For our models, first we’re going to run a linear regression. Variables that don’t reach statistical significance will be removed.
lmmed <- lm(TARGET_WINS~., mbtrainmed)
#summary(lmmed)
#I will now removed one variable at a time based on which is the least significant and retested the model until all variables are significant.

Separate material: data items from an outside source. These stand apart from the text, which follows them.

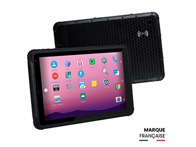 Tablette durcie 8`` : Android 10, Qualcomm 8953 8 coeurs, 4 Go RAM, 64 Go SSD, écran 1280 x 800, écran tactile capacitif, 450 nits, 4GLTE. Wifi 802.11 a/b/g/n, Bluetooth Rev 4.0, GPS, NFC, caméra 8 Mpx autofocus à l`arrière et 5 Mpx à l`avant Garantie 2 Ans constructeur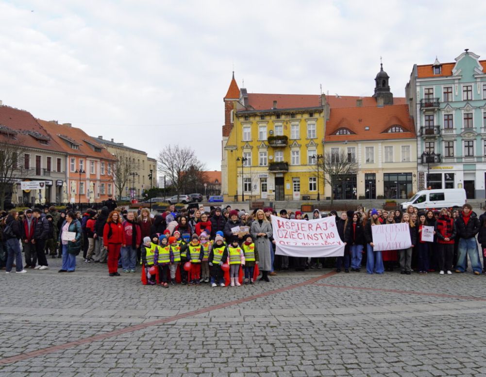 Kulminacją działań był marsz, który wyruszył sprzed I LO i dotarł na gnieźnieński rynek. Wzięli w nim udział nie tylko licealiści, ale także przedstawiciele Przedszkola nr 9 „Leśne Ludki”, Specjalnego Ośrodka Szkolno – Wychowawczego nr 2, II Liceum Ogólnokształcącego, Szkoły Mundurowej, a także mieszkańcy miasta. Na rynku uczestników powitała Daria Benke, etatowa członkini Zarządu Powiatu Gnieźnieńskiego, która podkreśliła wagę inicjatywy. – Uświadamiamy i budujemy poczucie bezpieczeństwa u dzieci. To jest bardzo ważne, żeby one wiedziały, że są dorośli, do których mogą się zwrócić w przypadku, kiedy poczują się źle, kiedy poczują brak stabilizacji, brak poczucia bezpieczeństwa. Dzisiaj przypominamy o tym, że przemoc to nie tylko uderzenie, że słowo może czasem ranić o wiele bardziej. Ważną kwestią jest także uwrażliwienie dorosłych, jak zareagować w takiej sytuacji, kiedy dziecko lub nastolatek przyjdzie opowiedzieć o swojej historii – mówiła Daria Benke. W podobnym tonie wypowiedziała się Anna Dziurleja, pedagog szkolna i opiekunka Szkolnego Koła Wolontariatu „Pomocni”, działającego przy I LO, zwracając uwagę na to, że wydarzenie miało nie tylko charakter edukacyjny, ale także społeczny – było swoistym apelem o większą świadomość i solidarność wobec problemu przemocy wobec dzieci.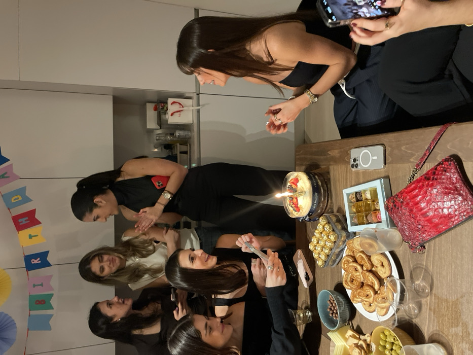 A group of women gather around a wooden table to celebrate a birthday. One woman leans forward to blow out a single candle on a cake. Another woman is taking pictures of the event with a phone. The table is laden with snacks and treats, including a box of chocolates, Ferrero Rocher, puff pastry, olives, and cheese. A red handbag and phone are on the table, adding to the celebratory atmosphere. A "Happy Birthday" banner adorns the background wall.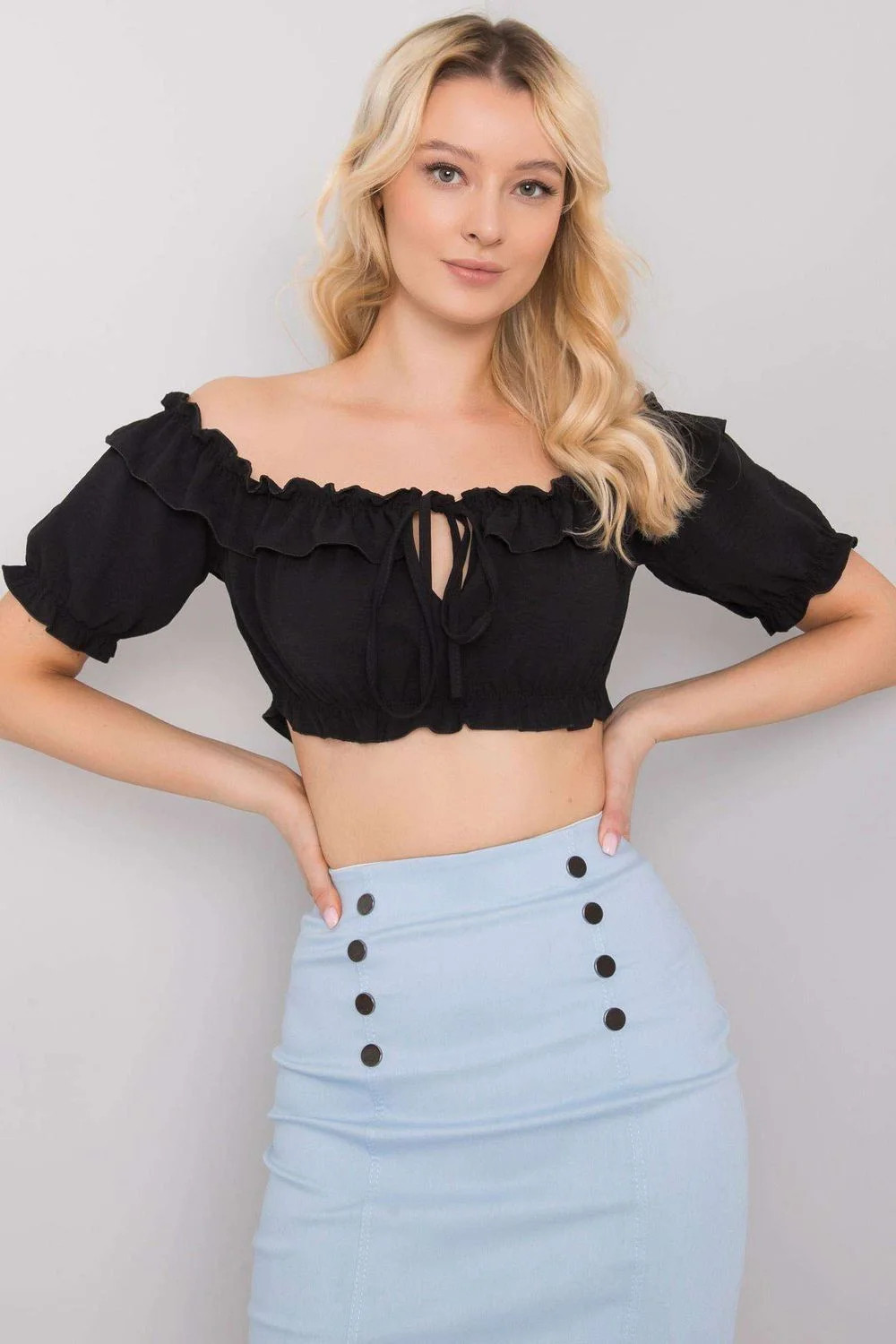 Krátká halenka s výstřihem ve španělském stylu a krátkými rukávy. Zavazování vpředu.

lmmed <- lm(TARGET_WINS~. -TEAM_PITCHING_BB -TEAM_PITCHING_HR -INDEX, mbtrainmed)
summary(lmmed)
##
## Call:
## lm(formula = TARGET_WINS ~ . - TEAM_PITCHING_BB - TEAM_PITCHING_HR -
## INDEX, data = mbtrainmed)
##
## Residuals:
## Min 1Q Median 3Q Max
## -49.598 -8.593 0.085 8.445 58.582
##
## Coefficients:
## Estimate Std. Error t value Pr(>|t|)
## (Intercept) 22.3440443 5.2338369 4.269 2.04e-05 ***
## TEAM_BATTING_H 0.0490922 0.0036699 13.377 < 2e-16 ***
## TEAM_BATTING_2B -0.0213744 0.0091626 -2.333 0.019746 *
## TEAM_BATTING_3B 0.0665763 0.0166230 4.005 6.40e-05 ***
## TEAM_BATTING_HR 0.0674046 0.0096315 6.998 3.40e-12 ***
## TEAM_BATTING_BB 0.0115464 0.0033748 3.421 0.000634 ***
## TEAM_BATTING_SO -0.0085211 0.0024529 -3.474 0.000523 ***
## TEAM_BASERUN_SB 0.0249207 0.0042092 5.920 3.70e-09 ***
## TEAM_PITCHING_H -0.0007770 0.0003209 -2.421 0.015552 *
## TEAM_PITCHING_SO 0.0029662 0.0006719 4.415 1.06e-05 ***
## TEAM_FIELDING_E -0.0190100 0.0023919 -7.948 2.97e-15 ***
## TEAM_FIELDING_DP -0.1217894 0.0129296 -9.419 < 2e-16 ***
## ---
## Signif. codes: 0 '***' 0.001 '**' 0.01 '*' 0.05 '.' 0.1 ' ' 1
##
## Residual standard error: 13.07 on 2264 degrees of freedom
## Multiple R-squared: 0.3151, Adjusted R-squared: 0.3117
## F-statistic: 94.68 on 11 and 2264 DF, p-value: < 2.2e-16
#Imputing median values in eval data.
mbeval1 <- mbeval %>%
mutate_all(~ifelse(is.na(.), median(., na.rm = TRUE), .))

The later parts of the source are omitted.